Over a narrow temperature window, yes — this gives the clean integrated form ΔG₂/T₂ − ΔG₁/T₁ = ΔH(1/T₂ − 1/T₁). But ΔH itself drifts with temperature because reactants and products have different heat capacities: (∂ΔH/∂T)_P = ΔCp (Kirchhoff's law). Over 100 K or more, or across a phase change, you must carry ΔCp explicitly. Assuming constant ΔH from 298 K to 1000 K can introduce errors of several kJ/mol.
Does the Gibbs-Helmholtz equation predict spontaneity?
Not directly — spontaneity is the sign of ΔG itself, not its temperature derivative. What Gibbs-Helmholtz tells you is which direction ΔG moves as you heat or cool. For an endothermic process (ΔH > 0), ΔG/T decreases as T rises, so ΔG becomes more negative — heating favors it. For an exothermic process (ΔH < 0), heating pushes ΔG the other way. This is the quantitative engine behind Le Chatelier's temperature rule.
How do you measure ΔH using the Gibbs-Helmholtz equation?
Plot ΔG/T against 1/T. The equation rearranges to a straight line, ∂(ΔG/T)/∂(1/T) = ΔH, so the slope of ΔG/T versus 1/T is the enthalpy. In practice chemists more often plot ln K against 1/T (the van 't Hoff plot), whose slope is −ΔH°/R. Either way you extract a calorimetry-free enthalpy purely from how a free energy or equilibrium constant responds to temperature.
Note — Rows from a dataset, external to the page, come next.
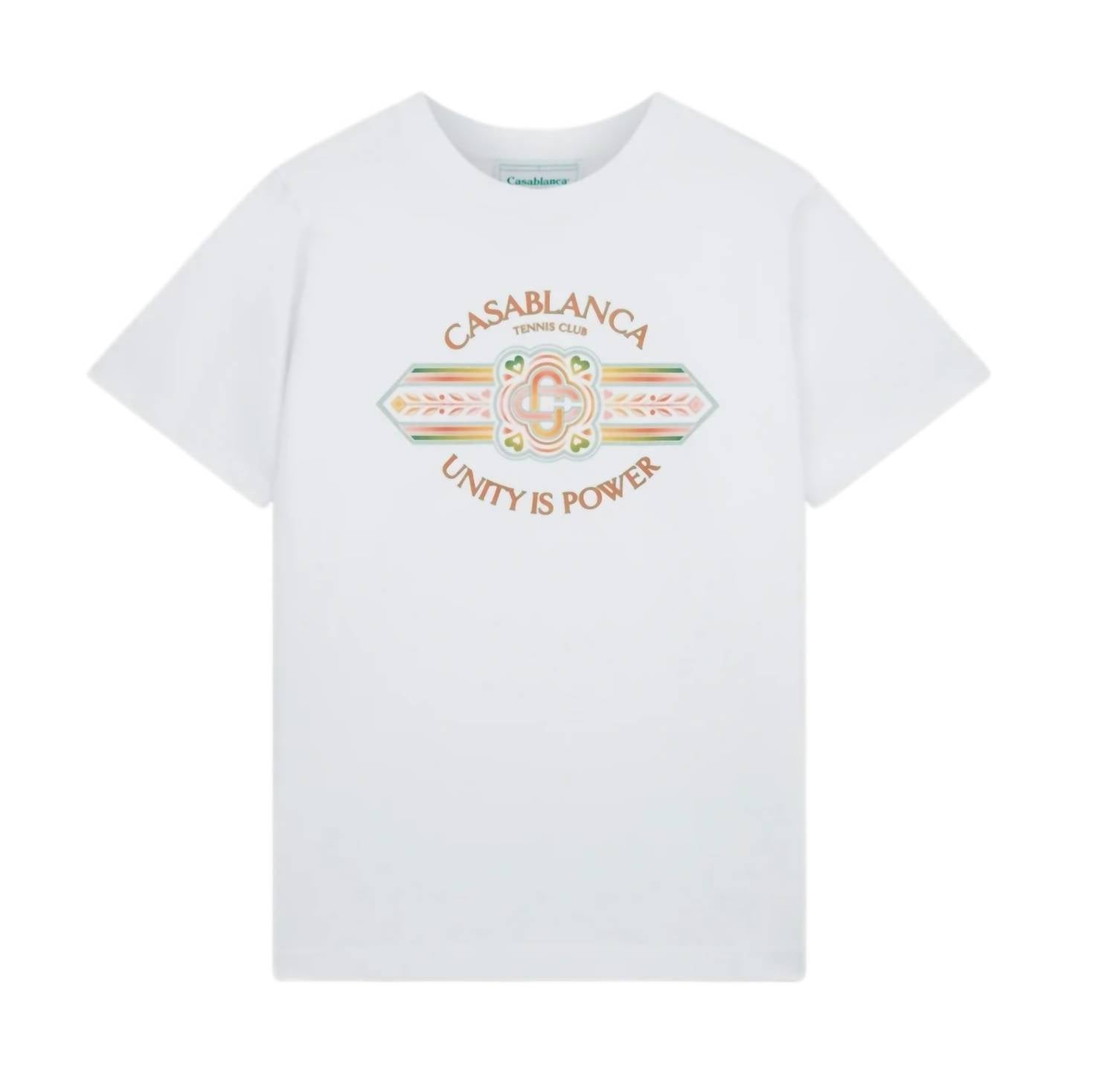 Introducing the Casablanca Unity Is Power Graphic T-shirt, a short-sleeve design in crisp white with a powerful message at its core. Crafted from 100% organic cotton, this t-shirt features a comfortable unisex fit and a classic crewneck for a timeless look. Made in Portugal, it offers effortless style with a pull-on closure, ideal for summer music festivals. Care for it with a delicate machine wash to keep it in pristine condition. Model is 186acm/6'1" and wears a size M.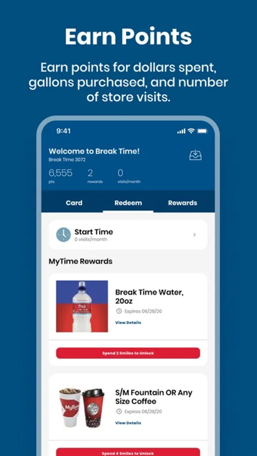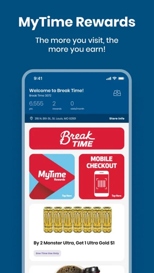The Break Time app is a “must have” for customers of Break Time convenience stores in Missouri. Get great deals on snacks and beverages with app coupons! Manage your MyTime Rewards account and redeem points for even more discounts and free stuff from our loyalty program. Tap into Mobile Checkout and save time by checking out and paying with your phone. No more lines!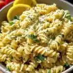 A vibrant and refreshing pasta salad that combines the zesty flavor of lemon with the creaminess of Parmesan cheese.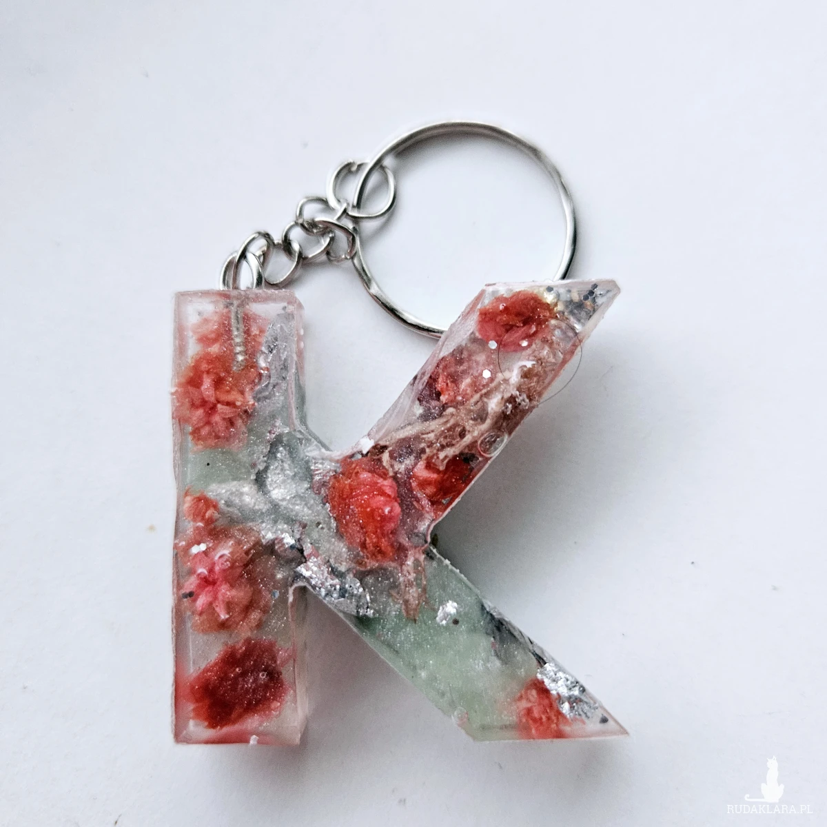 Brelok literka K zielona z różem i kwiatem

Who were Gibbs and Helmholtz and why is the equation named for both?
Josiah Willard Gibbs, the Yale physicist who founded chemical thermodynamics, laid out the free-energy formalism in his 1876–1878 memoir "On the Equilibrium of Heterogeneous Substances." Hermann von Helmholtz, the German physiologist-turned-physicist, published the same free-energy/enthalpy relation independently in his 1882 paper on the thermodynamics of chemical processes, where he coined "free energy" (freie Energie). The equation carries both names because they arrived at it from different directions within a few years of each other.